Exhibitions in New York (6-11 March 2024)

On my recent trip to New York City, more specifically Manhatten, I also took the opportunity to view a work by Chow and Lin from their “Poverty Line” series, which MoMA had acquired, a great honour for a Singaporean art collective. This work featured tomatoes as the device for communicating their messages on relative wealth and deprivation.We also spent time at other museums. Kudos to my friends Stefen Chow and Lin Huyi! 👏👏👏
https://www.moma.org/magazine/articles/997)
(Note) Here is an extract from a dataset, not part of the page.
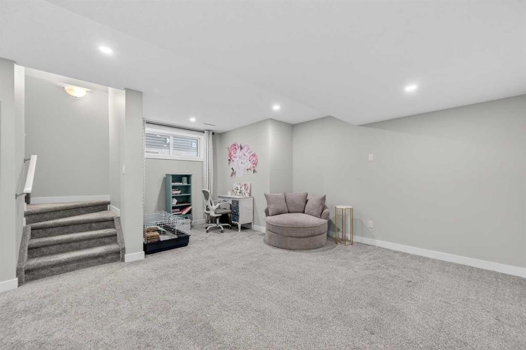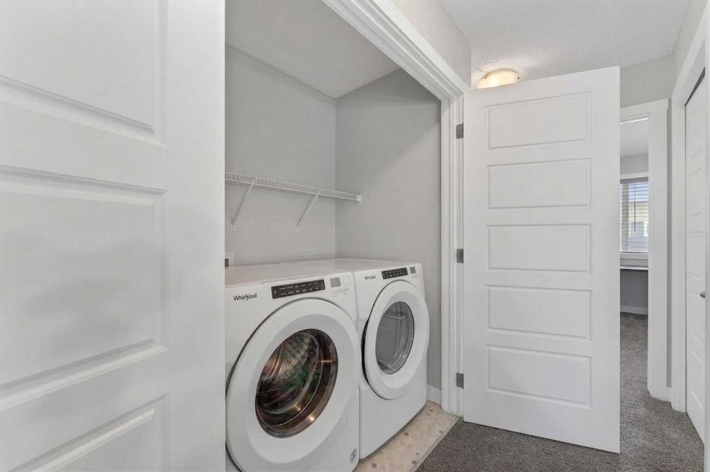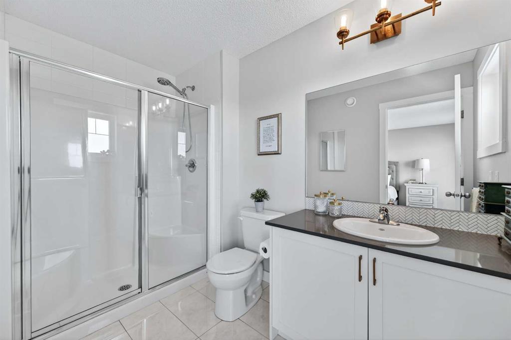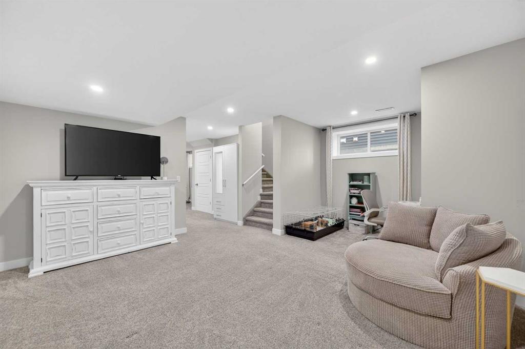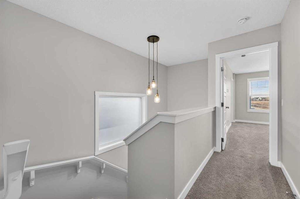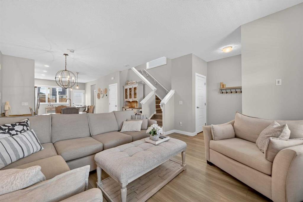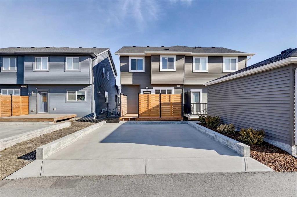 WELCOME HOME! This beautifully maintained 2021 Shane Homes duplex with more than 2,200 sq ft developed is FULLY FINISHED, affordable, and truly move-in ready! From the moment you step inside, you’ll notice the PRIDE OF OWNERSHIP with fresh paint, sparkling clean condition, and an inviting open-concept layout filled with natural light. The covered front porch is the perfect spot to relax and enjoy a shady summer afternoon. The main floor offers 9′ ceilings, a spacious living and dining area, anchored by a stunning kitchen featuring a MASSIVE ISLAND, gas range, and plenty of room for entertaining or everyday family life. Enjoy modern convenience with ceiling-mounted Google Mini speakers on the main floor and in the bedrooms—easily control music, lighting, and more with just your voice. Upstairs, you’ll find a generous primary retreat complete with a walk-in closet and private ensuite, along with two additional well-sized bedrooms, a full 4-piece bathroom, and the convenience of upper-level laundry. The professionally developed basement adds even more living space with a large rec room, 4-piece bathroom, versatile flex area, and ample storage. This could be a perfect set up for a teenager, or even extended family. Step outside to your backyard deck with privacy screens—perfect for relaxing or hosting—and a rear parking pad ready for your future dream garage. Located in the sought-after community of Midtown in Airdrie, you’ll love the proximity to scenic ponds, walking paths, canals, and nearby shopping, restaurants, and amenities. A fantastic opportunity to own a turn-key home in a vibrant, family-friendly neighbourhood!

At the Guggenheim Museum, we saw early paintings by European artists like Degas and Picasso, that reveal how they started before they evolved into what they became famous for. A patient meander up the spiral museum’s pathway is an inherent part of the experience, to culminate in a view of its beautiful ceiling and skylight.


At the Cooper Hewitt Museum which we almost did not enter as part of it is under renovation, we saw an exhibition about stage designer E. Devin. Besides designing stages for pop musicians like U2 and Take That, she also designed stages for operas like Parsifal, Don Giovanni and Macbeth. Her thought process and designs took my breath away, revealing the energy she exerted to gain a depth of understanding of the personalities and the works she was designing for. It was a lovely, unexpected surprise on this trip.

At the Museum of Arts and Design, we saw some gorgeous ceramic pots and timber objects.

I loved all the objects but my highlight was the video of a dancer sliding gracefully within an attire of glass plates that rattled as she morphed into reptilian like creatures, especially when she “moulted” her “skin”, to start her dance all over again.

There is so much to enjoy in New York, where artists of the world converge!